The term "ectopic hormone production" has been applied to hormone producing non-endocrine or endocrine tumors whose putative cells of origin do not normally synthesize that particular hormonal product. With the use of increasingly more sensitive methods of analysis of hormone production, many hormones formerly considered to represent "ectopic" products are produced normally at very low levels and should be considered "eutopic". Despite these observations, this term "ectopic hormone production" continues to be used to describe these phenomena. A more accurate descriptor is "paraneoplastic endocrine syndrome".

Proteins/peptides, steroids and monoamines represent the three major classes of hormones. Most paraneoplastic endocrine syndromes are related to the production of protein/peptide hormones. (Table) Tumors frequently lack some components of the biosynthetic pathways leading from the production of prohormone to hormone. As a result, tumors often synthesize products that are related to the normal hormones but that have less biological activity. In these instances, clinical syndromes related to hormone excess may be absent or muted despite the fact that levels of immunoreactive hormones are increased. Paraneoplastic syndromes due to the production of steroid hormones is uncommon with the exception of 1,25 dihydroxyvitamin D by certain lymphomas. (Table) Monoamine production, on the other hand, has not been documented as being responsible for paraneoplastic endocrine syndrome.

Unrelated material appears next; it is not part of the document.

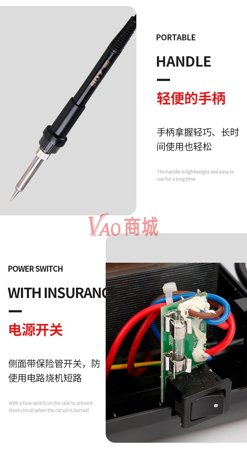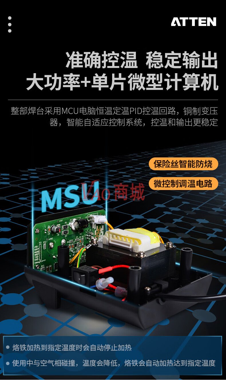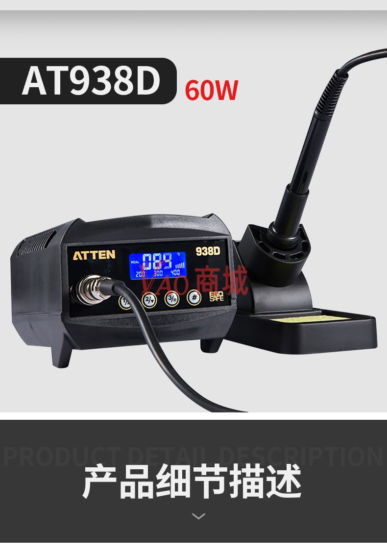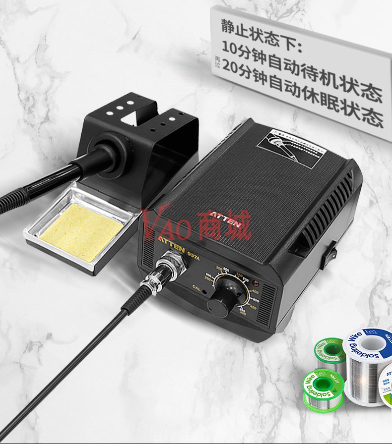 安泰信(ATTEN)工业级大功率无铅ESD焊接电洛铁套装AT937A电路板维修工具65W温度200-480插拔四芯不锈钢发热芯休眠功能

Most paraneoplastic endocrine syndromes are present in association with tumors of neuroendocrine type, including small cell carcinoma of pulmonary and extrapulmonary origin, medullary thyroid carcinoma, pheochromocytoma, carcinoids and pancreatic endocrine tumors. Other syndromes, such as humoral hypercalcemia of malignancy (HHM), are associated primarily with squamous carcinomas of different primary sites.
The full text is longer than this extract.